This lesson is in the early stages of development (Alpha version)

Apptainer: Getting started

Overview

Teaching: 30 min
Exercises: 20 min
Questions
  • What is Apptainer and why might I want to use it?

  • What issues motivated the creation of Apptainer?

  • What are the differences between Docker, Apptainer, and Singularity?

Objectives
  • Understand what Apptainer is and when you might want to use it.

  • Learn the design goals behind Apptainer.

What is it?

Apptainer is a container platform that allows software engineers and researchers to easily share their work with others by packaging and deploying their software applications in a portable and reproducible manner.

When you download an Apptainer container image, you essentially receive a virtual computer disk that contains all of the necessary software, libraries and configuration to run one or more applications or undertake a particular task, e.g. to support a specific research project.

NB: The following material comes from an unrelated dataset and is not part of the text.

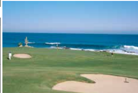
カボ・デル・ソル・オーシャンコース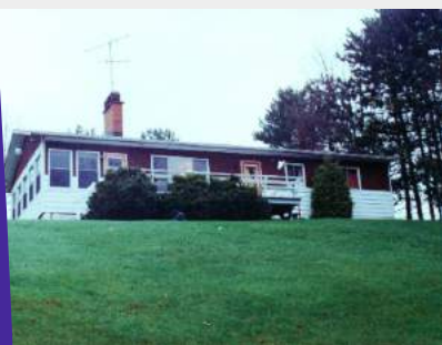
Chalet Ste Geneviève

This saves you the time and effort of installing and configuring software on your own system or setting up a new computer from scratch, as you can simply run an Apptainer container from the image and have a virtual environment that is identical to the one used by the person who created the image.

To visualize what containers are offering, let’s consider one division of the different layers of what a software package’A’ needs in order to run. You need to provide some hardware in the form of a computer with a CPU, RAM, disk space, and other similar resources. Then, you need to install an operating system (OS) on this hardware, such as CentOS. With the operating system installed, you can install the binaries and libraries that your software ‘A’ depends on. Finally, you can installand use software ‘A’ itself.

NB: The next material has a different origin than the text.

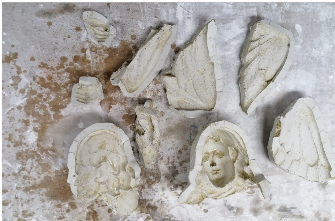
Slika 40. Gipsani kalupi, snimila E. Baričević 2020.

This workflow is OK for personal workstations, or other single-user machines. It has worked for decades, after all. But you can run into a few different issues that make it less than ideal for some workflows:

Workstation vs Shared Resource

There are a couple of common ways to deal with these issues - virtual machines (VMs) and containers. Conceptually these two solutions are similar - isolate the environment you want to manage away from the host system, so you can run multiple independent environments. They differ a bit in implementation, however. While a VM-based solution requires each environment to run its own independent operating system, a container-based solution provides a translation layer between the environment and the host operating system. The specifics of this go a bit beyond the intended scope of today’s material, but this has two important high-level consequences that make containers the more appealing solution for MSI:

Container vs VM

Images and containers

A brief note on the terminology used in this section of the course. We refer to both images and containers. What is the distinction between these two terms?

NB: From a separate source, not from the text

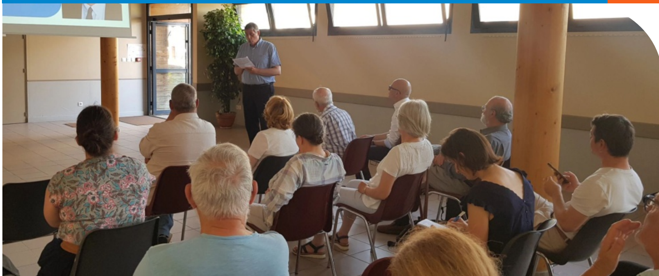
Assemblée générale 2026 de la coordination régionale LPO Pays de la Loire

Images are bundles of files including an operating system, software and potentially data and other application-related files. They may sometimes be referred to as a disk image or container image and they may be stored in different ways, perhaps as a single file, or as a group of files. Either way, we refer to this file, or collection of files, as an image.

A container is a virtual environment that is based on an image. That is, the files, applications, tools, etc that are available within a running container are determined by the image that the container is started from. It may be possible to start multiple container instances from an image. You could, perhaps, consider an image to be a form of template from which running container instances can be started.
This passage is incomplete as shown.